WHAT IS EXPECTED:
Every record must appear in your copy exactly as written, with no pictures.

Records from a data source
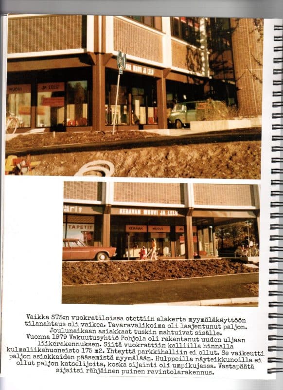 Jo parin vuoden kuluttua pääsimme muuttamaan upeisiin STS-pankin tiloihin kahteen kerrokseen. Parasta oli suuret näyteikkunat. Rakennus on edelleen hyvässä kunnossa 2020-luvulla.
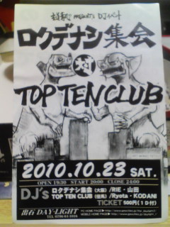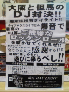 今週末23日ですよ!! 『ロクデナシ集会』対『TOP TEN CLUB』 大阪と但馬のDJ対決!! 場所は出石デイライト!! ライブハウスならではの爆音で最高のDJ等がご機嫌なロッケンロールを聴かせてくれるぜ!! 僕たちをしばりつけて1人ぼっちにさせようとした全ての大人に感謝する日!! 絶対に楽しめるから遊びに来るべし!! 『ロクデナシ集会』 ブルーハーツ ヒューストンズ ハイロウズ ビートパンク全般 J-ROCK 『TOP TEN CLUB』 Rock'n'Roll Soul Blues etc… 音道青心PRESENTS 10月23日 オープン 19:30 スタート 20:00 チケット \500(1D付) DJ 『ロクデナシ集会』 RIE 山田 『TOP TEN CLUB』 Ryota KODANI 場所 出石デイライト (問) 0796-64-1016 皆さん是非是非遊びに来て下さいよ ![]() | カレンダー
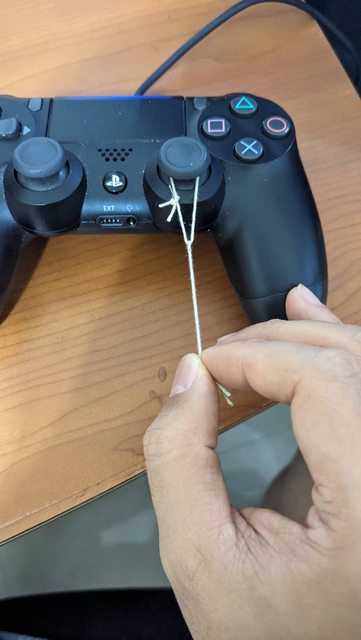 再用另一條棉繩套住那個圈,頭尾捏住往後拉
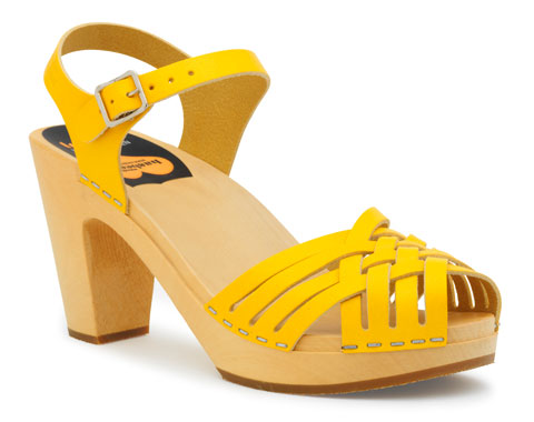 Maybe it’s because of nostalgia for the summers of my childhood, when the clogs came out as soon as the snow melted, but I am obsessed with Swedish Hasbeens. I’d wear anything they make. This summer I would love to run around town in these pretty yellow braided sky highs. (I’m a size 41, jus’ sayin.’)
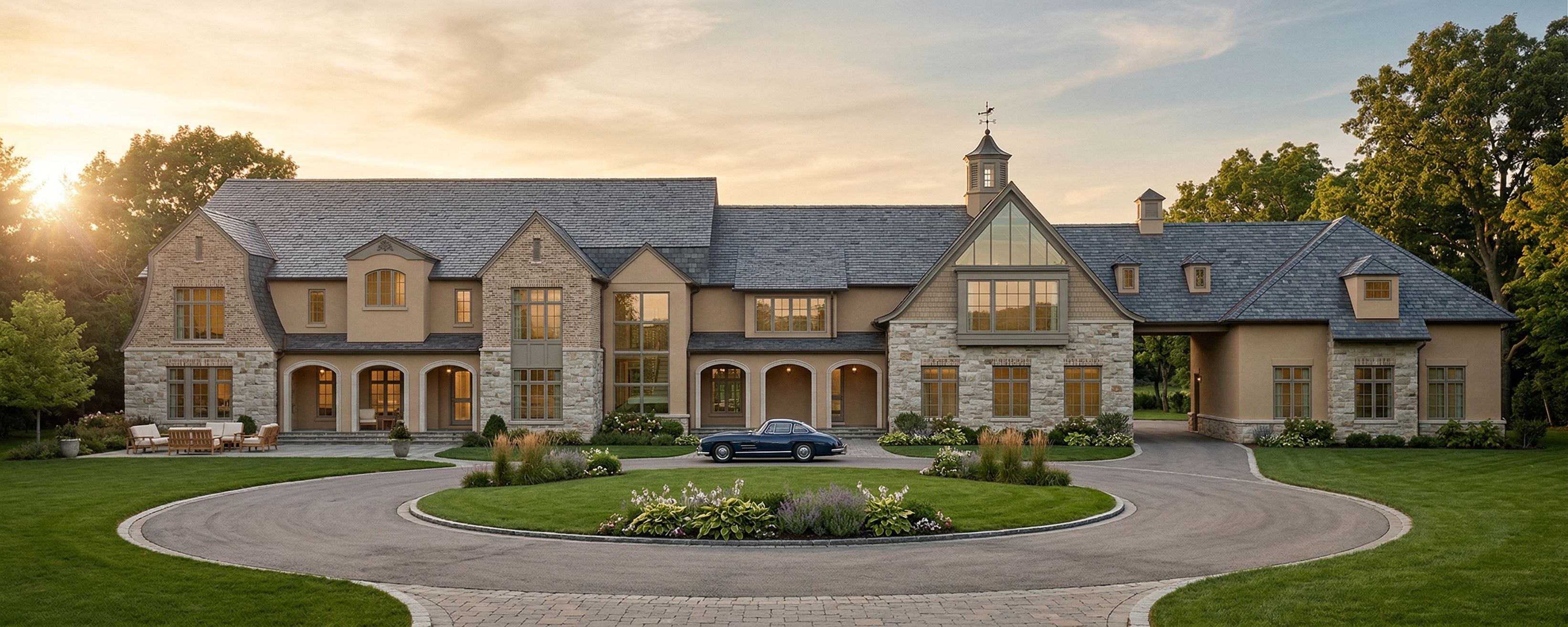 Photo of an elegant residential estate featuring a mix of contemporary and traditional design elements. Focus on the intricate façade with varied textures, including stone, brick, and smooth stucco. Nestled in a landscaped area, the round driveway enhances the grandeur. Natural light casts soft shadows, capturing the time of day just before sunset. Perspective from a low angle, using a wide lens to highlight the height and detail of the structure, while framing the surrounding greenery and subtle architectural accents., keep exact camera angle, keep exact camera angle, keep exact camera angle

RESULT OF THE EXERCISE:
 Jo parin vuoden kuluttua pääsimme muuttamaan upeisiin STS-pankin tiloihin kahteen kerrokseen. Parasta oli suuret näyteikkunat. Rakennus on edelleen hyvässä kunnossa 2020-luvulla.
 今週末23日ですよ!! 『ロクデナシ集会』対『TOP TEN CLUB』 大阪と但馬のDJ対決!! 場所は出石デイライト!! ライブハウスならではの爆音で最高のDJ等がご機嫌なロッケンロールを聴かせてくれるぜ!! 僕たちをしばりつけて1人ぼっちにさせようとした全ての大人に感謝する日!! 絶対に楽しめるから遊びに来るべし!! 『ロクデナシ集会』 ブルーハーツ ヒューストンズ ハイロウズ ビートパンク全般 J-ROCK 『TOP TEN CLUB』 Rock'n'Roll Soul Blues etc… 音道青心PRESENTS 10月23日 オープン 19:30 スタート 20:00 チケット \500(1D付) DJ 『ロクデナシ集会』 RIE 山田 『TOP TEN CLUB』 Ryota KODANI 場所 出石デイライト (問) 0796-64-1016 皆さん是非是非遊びに来て下さいよ ![]() | カレンダー
 再用另一條棉繩套住那個圈,頭尾捏住往後拉
 Maybe it’s because of nostalgia for the summers of my childhood, when the clogs came out as soon as the snow melted, but I am obsessed with Swedish Hasbeens. I’d wear anything they make. This summer I would love to run around town in these pretty yellow braided sky highs. (I’m a size 41, jus’ sayin.’)
 Photo of an elegant residential estate featuring a mix of contemporary and traditional design elements. Focus on the intricate façade with varied textures, including stone, brick, and smooth stucco. Nestled in a landscaped area, the round driveway enhances the grandeur. Natural light casts soft shadows, capturing the time of day just before sunset. Perspective from a low angle, using a wide lens to highlight the height and detail of the structure, while framing the surrounding greenery and subtle architectural accents., keep exact camera angle, keep exact camera angle, keep exact camera angle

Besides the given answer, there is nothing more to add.